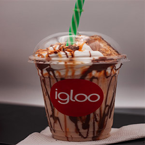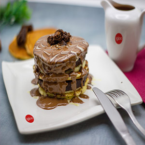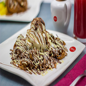 بان كيك محشية بكريم باتيسيار و فواكه وتقدم مع كوب من الشوكولا البلجيكيةالمميزة من اختياركم وبولة من الايسكريم من اختياركم
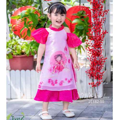 A459404 - Set áo dài với hoạ tiết Tiên nữ giáng trần cổ yếm cut out chất liệu tơ ngọc trai_Size 1y-1
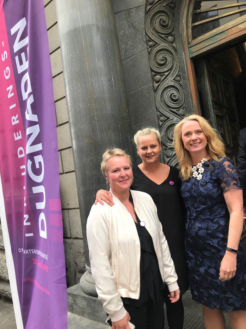 Til stede på Inkluderingskonferansen: F.v.: Hovedtillitsvalgt i Bakehuset Ingunn Ekremsæter, statsminister Erna Solberg og HR-sjef Hilde Melfald.
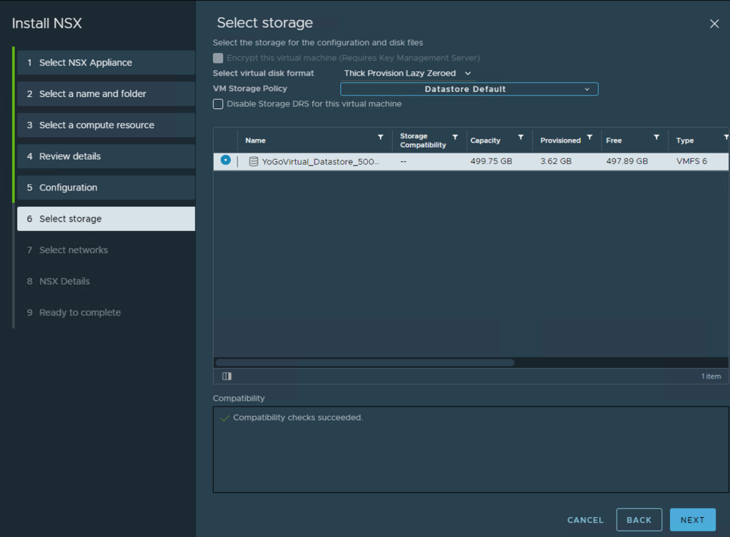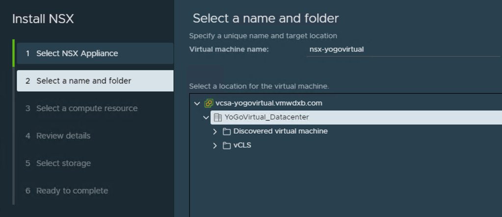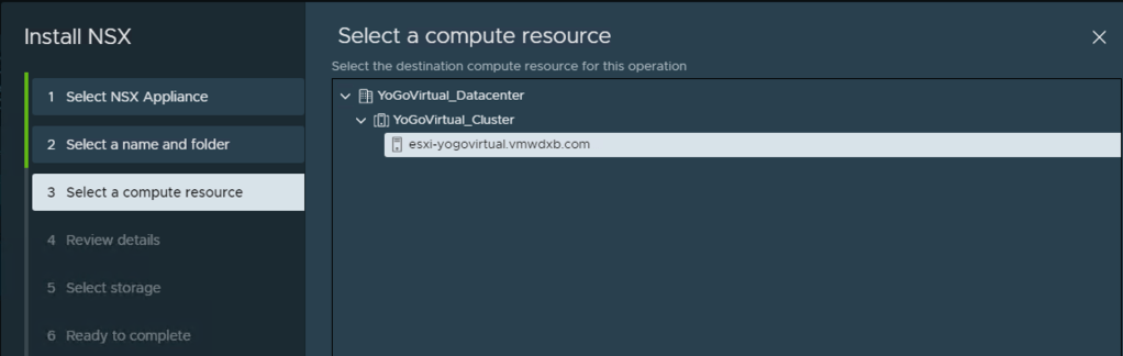 Then select the correct vCenter and vSphere cluster with the datastore for your deployment. Select the
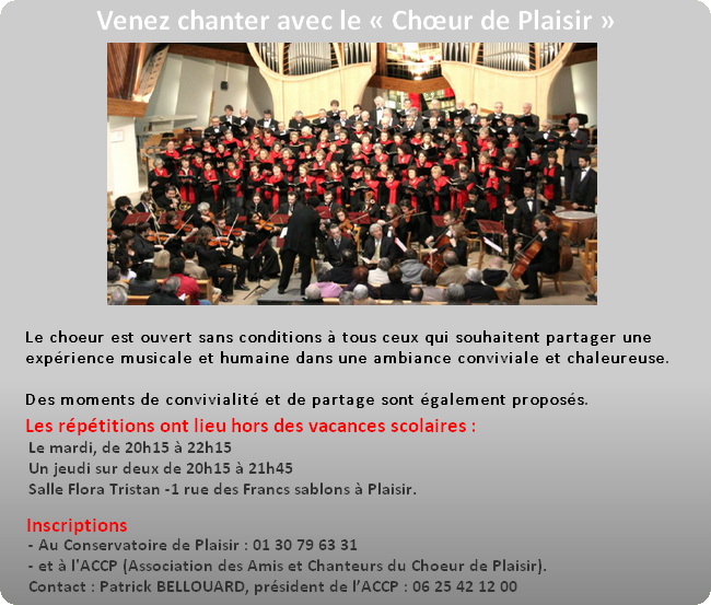 Bienvenue sur le site des Amis et Chanteurs du Chœur de Plaisir
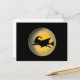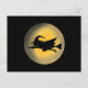 Postcard bedruckt mit Flying Wicked Witch Silhouette By TheFabricSeal ist eine beängstigend aussehende Zauberin mit ihrem fliegenden Hexenbesen und ihrem spitzen konischen Hexenhut, während sie schnell durch die Dunkelheit des Nachthimmels streut und vor dem vollgelben Halloween-Mond vorbeikommt.
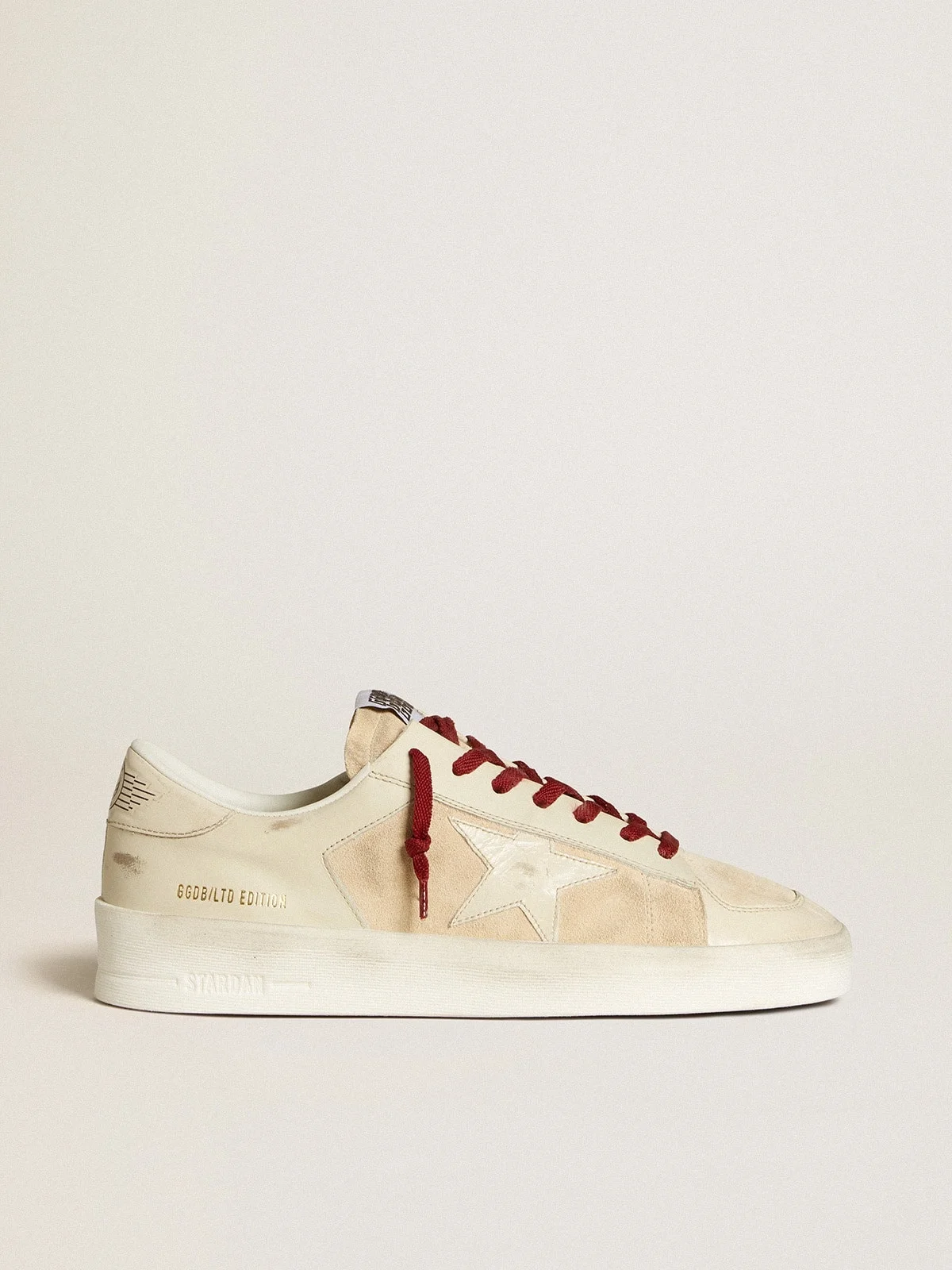 The glorious Nineties wrapped up in a sneaker. The Stardan sneakers pay homage to the basketball icons of that decade, while keeping an eye on the present. This version with an upper in pearl suede and worn white patent leather features a worn white patent leather star and heel tab. And burgundy laces add the finishing touch. DETAILS Item No. GMF00128.F006616.82833 - Upper in pearl-colored suede and worn white patent leather - Worn white patent leather star - Worn white patent leather heel tab - Burgundy laces - Vintage finish - Upper: 100% cow leather - Lining: 42% cotton, 25% cow leather, 22% textile polyurethane, 6% viscose, 5% polyester - Sole: 100% rubber - Handmade - Made in Italy
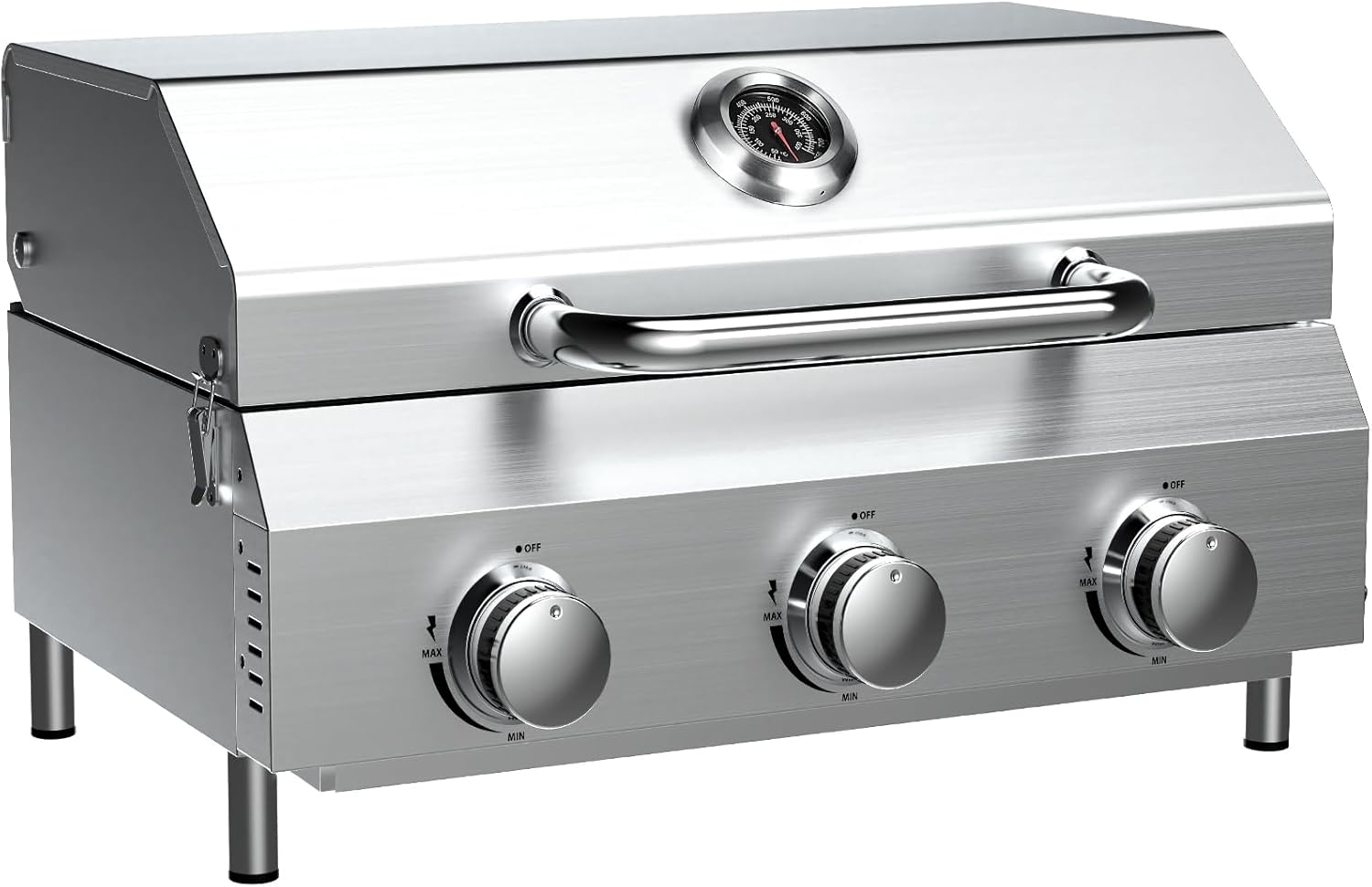 - ☘️【Triple Burner Powerhouse】 Unleash 30,000 BTU grilling force with 3 independent burners. Achieves rapid searing and even heat across the 24-inch thickened stainless steel cooking grate – upgraded for superior heat retention, warp resistance, and heavy food support. Perfect for multi-zone cooking (sear/roast/warm) and feeding crowds. Reduced flare-ups and faster results, whether cooking burgers or brisket.

- _Your objective_
From the first record to the last, copy everything exactly except the pictures.

- _Task output_
 بان كيك محشية بكريم باتيسيار و فواكه وتقدم مع كوب من الشوكولا البلجيكيةالمميزة من اختياركم وبولة من الايسكريم من اختياركم
 A459404 - Set áo dài với hoạ tiết Tiên nữ giáng trần cổ yếm cut out chất liệu tơ ngọc trai_Size 1y-1
 Til stede på Inkluderingskonferansen: F.v.: Hovedtillitsvalgt i Bakehuset Ingunn Ekremsæter, statsminister Erna Solberg og HR-sjef Hilde Melfald.
 Then select the correct vCenter and vSphere cluster with the datastore for your deployment. Select the
 Bienvenue sur le site des Amis et Chanteurs du Chœur de Plaisir
 Postcard bedruckt mit Flying Wicked Witch Silhouette By TheFabricSeal ist eine beängstigend aussehende Zauberin mit ihrem fliegenden Hexenbesen und ihrem spitzen konischen Hexenhut, während sie schnell durch die Dunkelheit des Nachthimmels streut und vor dem vollgelben Halloween-Mond vorbeikommt.
 The glorious Nineties wrapped up in a sneaker. The Stardan sneakers pay homage to the basketball icons of that decade, while keeping an eye on the present. This version with an upper in pearl suede and worn white patent leather features a worn white patent leather star and heel tab. And burgundy laces add the finishing touch. DETAILS Item No. GMF00128.F006616.82833 - Upper in pearl-colored suede and worn white patent leather - Worn white patent leather star - Worn white patent leather heel tab - Burgundy laces - Vintage finish - Upper: 100% cow leather - Lining: 42% cotton, 25% cow leather, 22% textile polyurethane, 6% viscose, 5% polyester - Sole: 100% rubber - Handmade - Made in Italy
 - ☘️【Triple Burner Powerhouse】 Unleash 30,000 BTU grilling force with 3 independent burners. Achieves rapid searing and even heat across the 24-inch thickened stainless steel cooking grate – upgraded for superior heat retention, warp resistance, and heavy food support. Perfect for multi-zone cooking (sear/roast/warm) and feeding crowds. Reduced flare-ups and faster results, whether cooking burgers or brisket.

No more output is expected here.